Philharmonia Quartett Berlin
Daniel Stabrawa (first violin)
Christian Stadelmann (second violin)
Neithard Resa (viola)
Jan Diesselhorst (cello)

The concert of the Philharmonia Quartett Berlin at Founder’s Hall at the Orange County Performing Arts Center was an incredibly intimate event. It was almost as if the musicians were playing for themselves, for their own enjoyment. Those of us in the audience were lucky enough to be there to overhear them playing, at very close range. Founder’s Hall is a compact rectangular box of a room, with 257 chairs on portable risers against three of the walls. The quartet was staged against the fourth wall, in front of angled acoustic panels and below a suspended lighting cage. With black walls, floor and ceiling, the room is not glamorous. But it was a great privilege to hear a world-class quartet perform in such an informal, closely quartered venue. The small audience was absolutely silent. Perhaps because we were all so close to the performers, no one even coughed.

The opening Allegro movement of the early Beethoven quartet, Op. 18, No. 2, was workmanlike. These were clearly tremendously experienced musicians, but the performance was a little lifeless. Perhaps they were warming up (or perhaps my ears were still warming up.) They were playing the music exactly as written, rather than shaping a performance. Being the first chairs of the revered Berlin Philharmonic, they almost seemed to need a conductor. As a friend once observed, every orchestral musician would love to be playing chamber music. By the Scherzo of the third movement, the music was more lively and sprightly. They were each playing well, but separately, not at all of one mind. By the fourth movement, the music began to take over and carry them away. The Allegro molto, quasi Presto was deep and bright, dark and lovely, even playful. But perhaps this music was too familiar to these musicians, whose chairs at the Berlin Philharmonic are only a few generations away from Beethoven himself.

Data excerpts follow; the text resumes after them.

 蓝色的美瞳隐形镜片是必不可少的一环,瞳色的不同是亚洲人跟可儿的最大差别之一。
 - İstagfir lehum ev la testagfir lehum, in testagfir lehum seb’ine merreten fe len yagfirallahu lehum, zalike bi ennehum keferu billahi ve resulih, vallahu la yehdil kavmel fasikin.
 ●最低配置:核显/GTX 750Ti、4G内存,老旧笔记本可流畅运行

The Benjamin Britten quartet was a remarkable surprise. The Berliners were thrilled by the exotic foreign idiom of the English composer. The rich ensemble tone of the opening bars was intensely quiet, strident, more ravishing than I remembered. They made this great dark British music an answer to Shostakovich and Mahler, an alternate rendition of the angst of modern life. The music evoked the emotions of a painting by Francis Bacon, but made them gorgeous. Each player went wild, but they were relentlessly together. Their sliding glissandi were absurd, not tragic, but overcast and beautiful.

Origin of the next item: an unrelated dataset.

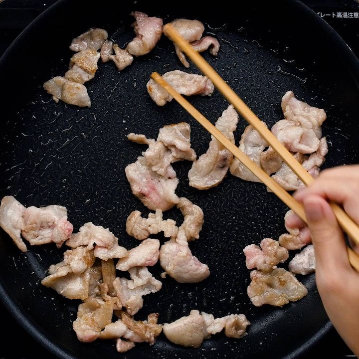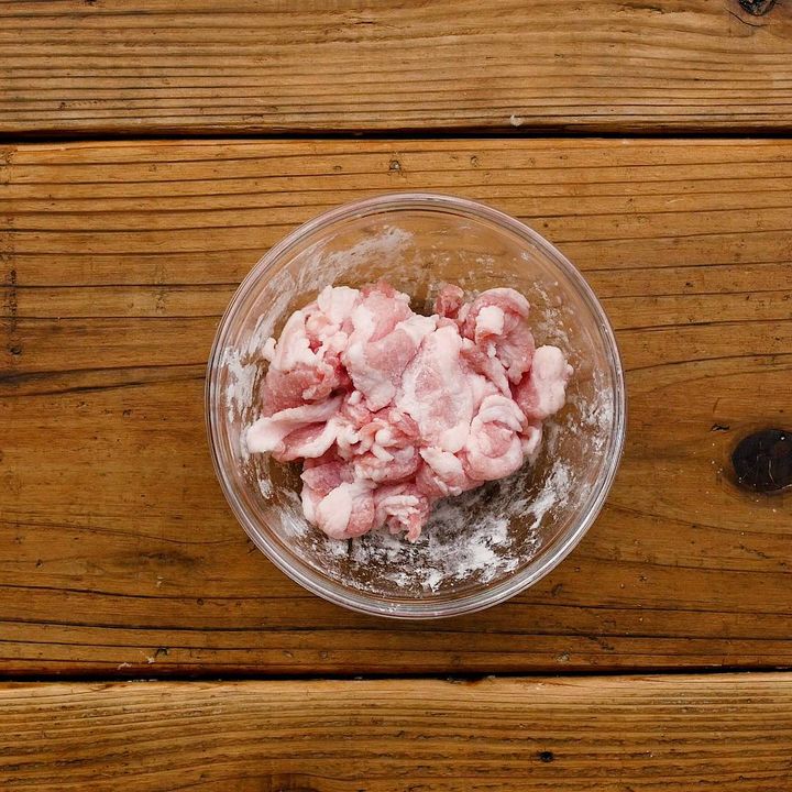 豚肉には片栗粉をまぶすことで調味料とからみやすくなります。

The hard, fast notes that began the second movement were wry smiles, narrative and lively. The deep, piercing cries of the cello that open the third movement led to a soulful dialogue amongst all of the strings, with more crying high notes in the first violin. The cello part in this piece is spectacular, and was stunningly well played. The piece ended eloquently, with a series of threats, left completely unresolved.

After the intermission, the atypical melodies of the Shostakovich quartet were richly sung. There were moments of angst that rose to furious energy, filled with anger. But even burning with anger, the melody held. The whispery high-pitched falsetto tones in the first violin were masterful, as was the ensemble in the Andante. The cello was again splendid, particularly in the extraordinary passage with pizzicato and bowing at the same time. Time and again, the mysterious song rose into the fury of a scratchy roar. There was an odd off-key intonation in one transition. But all in all, Shostakovich’s strange slice of life was splendidly rendered, with almost no hint of breaks between movements and a suitably eccentric ending.

Feet stomping on the wood floor and risers heightened the final applause. The encore was the last movement of Mozart’s Quartet in G major, the first dedicated to Haydn. The Molto allegro movement was a delightful dance, overflowing with alacrity and explosive attacks.